Exercise aim: In the records that follow, find the line containing "La séptima fecha" and the line containing "上锅加清水开火,水开后下入包好的饺子,连开三次,点三次凉水,开锅就熟了。", then transcribe both and every line between them exactly, omitting pictures.

Data for this exercise:
· · · · · · ·
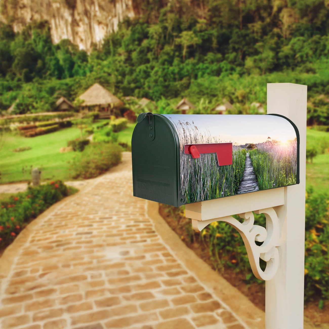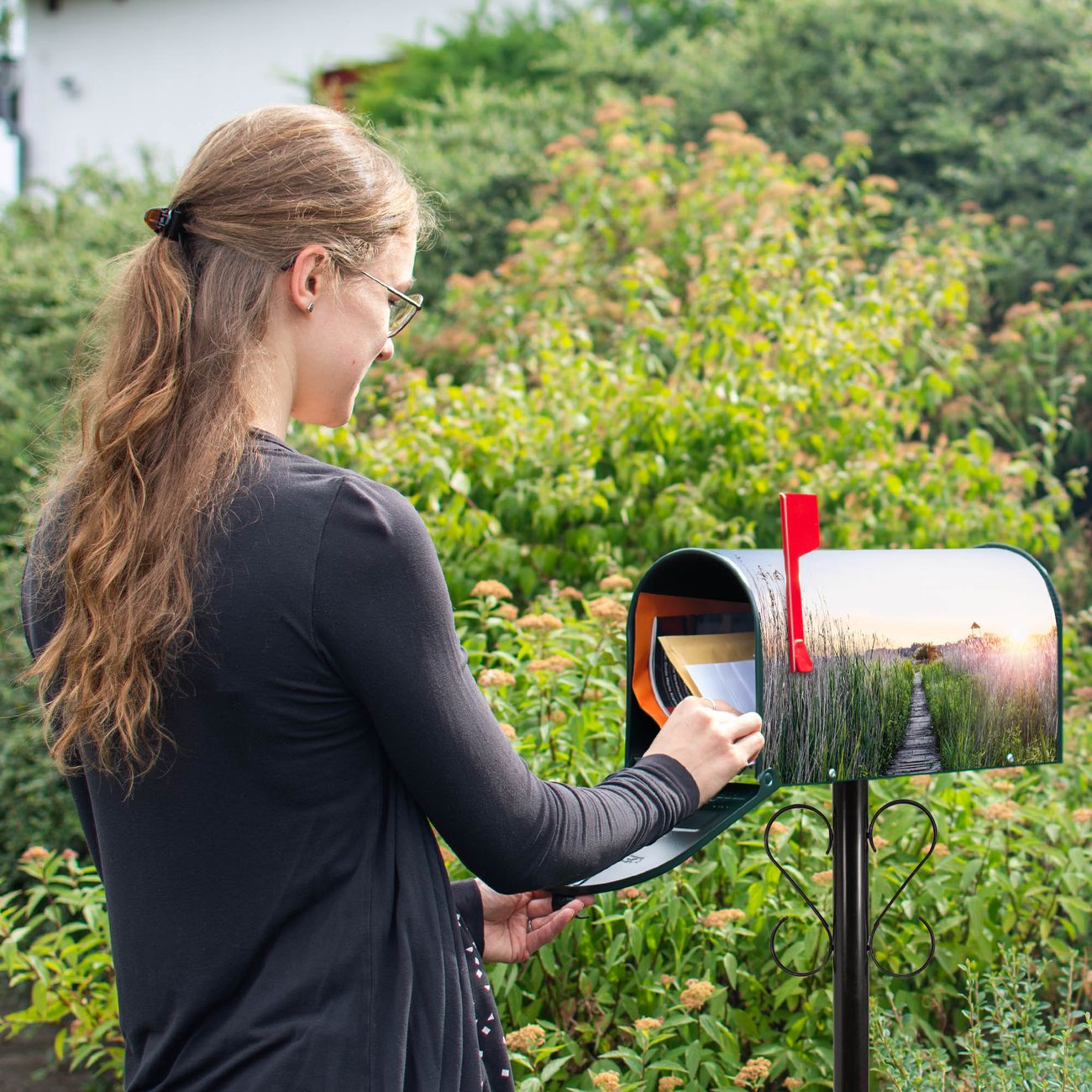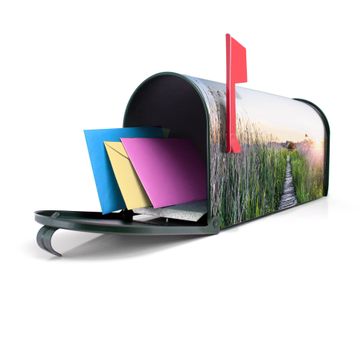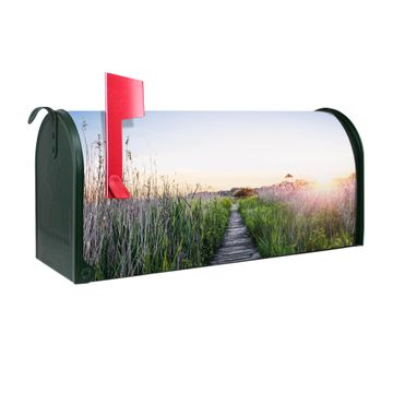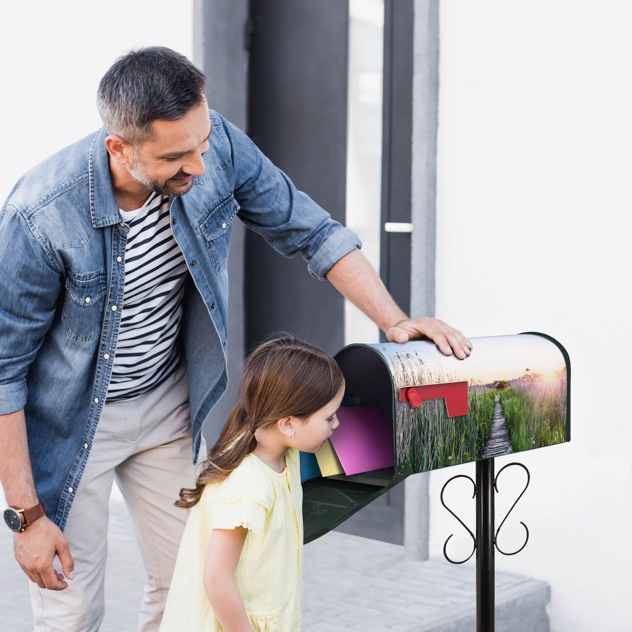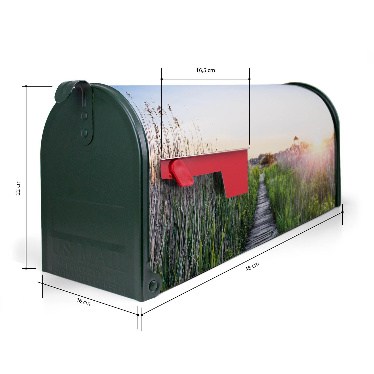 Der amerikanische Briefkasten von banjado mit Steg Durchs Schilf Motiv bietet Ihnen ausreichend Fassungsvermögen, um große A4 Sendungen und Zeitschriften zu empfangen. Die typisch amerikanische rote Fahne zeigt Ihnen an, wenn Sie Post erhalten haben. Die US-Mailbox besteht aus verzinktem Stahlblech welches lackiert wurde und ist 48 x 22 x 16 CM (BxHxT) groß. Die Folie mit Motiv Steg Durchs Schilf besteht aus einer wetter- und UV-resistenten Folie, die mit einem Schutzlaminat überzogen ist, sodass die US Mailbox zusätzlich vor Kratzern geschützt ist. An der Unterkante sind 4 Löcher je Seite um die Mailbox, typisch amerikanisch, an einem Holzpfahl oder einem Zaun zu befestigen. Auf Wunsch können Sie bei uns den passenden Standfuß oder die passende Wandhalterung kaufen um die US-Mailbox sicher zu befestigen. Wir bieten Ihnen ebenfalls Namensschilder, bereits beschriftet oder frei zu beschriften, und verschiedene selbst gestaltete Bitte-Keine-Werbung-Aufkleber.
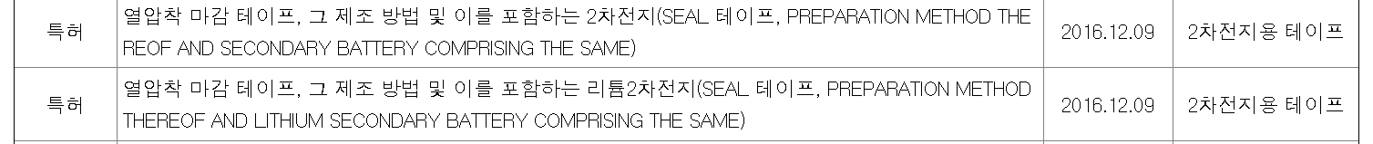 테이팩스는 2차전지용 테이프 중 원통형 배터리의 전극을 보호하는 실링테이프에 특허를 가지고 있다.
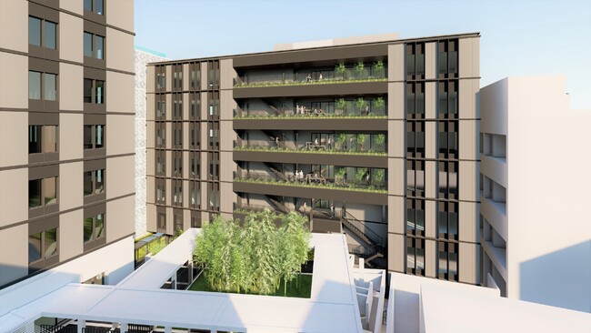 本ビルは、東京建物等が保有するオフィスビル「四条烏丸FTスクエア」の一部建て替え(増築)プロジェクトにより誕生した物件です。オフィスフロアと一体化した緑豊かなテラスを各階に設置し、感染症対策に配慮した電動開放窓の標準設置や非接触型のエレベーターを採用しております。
· · · · · · ·
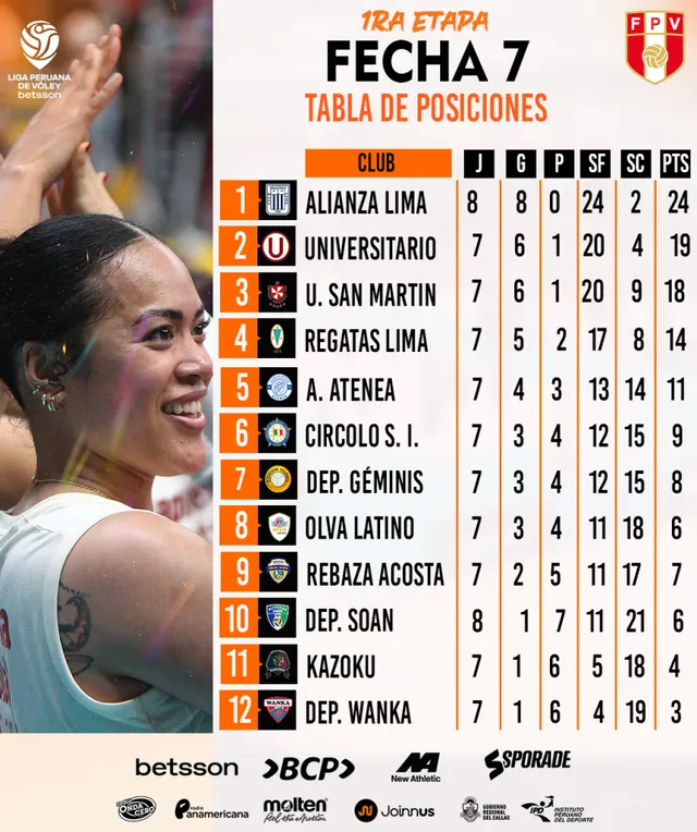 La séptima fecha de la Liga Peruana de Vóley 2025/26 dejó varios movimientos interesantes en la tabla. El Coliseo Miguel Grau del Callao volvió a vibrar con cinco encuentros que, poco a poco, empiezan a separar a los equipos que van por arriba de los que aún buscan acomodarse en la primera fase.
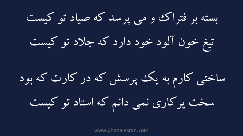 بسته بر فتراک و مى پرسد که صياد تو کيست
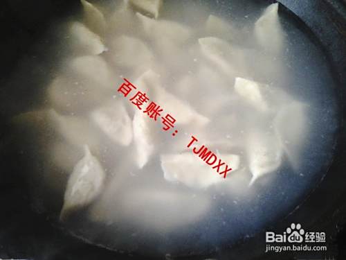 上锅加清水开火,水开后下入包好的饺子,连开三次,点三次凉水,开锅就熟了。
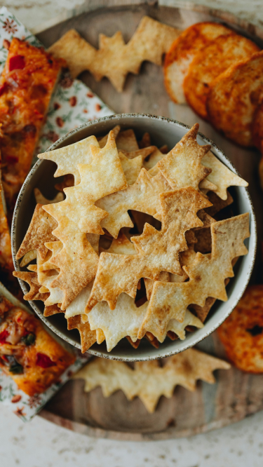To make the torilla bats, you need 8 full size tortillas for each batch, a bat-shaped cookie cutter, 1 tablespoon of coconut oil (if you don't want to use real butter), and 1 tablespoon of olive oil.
· · · · · · ·
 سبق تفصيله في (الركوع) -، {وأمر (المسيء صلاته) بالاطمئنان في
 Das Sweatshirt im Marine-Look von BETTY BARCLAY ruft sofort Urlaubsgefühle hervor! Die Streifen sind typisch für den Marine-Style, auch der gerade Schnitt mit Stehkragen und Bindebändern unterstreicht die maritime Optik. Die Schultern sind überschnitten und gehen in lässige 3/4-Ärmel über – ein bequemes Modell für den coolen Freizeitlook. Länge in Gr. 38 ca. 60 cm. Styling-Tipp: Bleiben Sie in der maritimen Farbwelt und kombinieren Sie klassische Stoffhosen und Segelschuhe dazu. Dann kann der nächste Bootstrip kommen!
· · · · · · ·
Worked solution:
 La séptima fecha de la Liga Peruana de Vóley 2025/26 dejó varios movimientos interesantes en la tabla. El Coliseo Miguel Grau del Callao volvió a vibrar con cinco encuentros que, poco a poco, empiezan a separar a los equipos que van por arriba de los que aún buscan acomodarse en la primera fase.
 بسته بر فتراک و مى پرسد که صياد تو کيست
 上锅加清水开火,水开后下入包好的饺子,连开三次,点三次凉水,开锅就熟了。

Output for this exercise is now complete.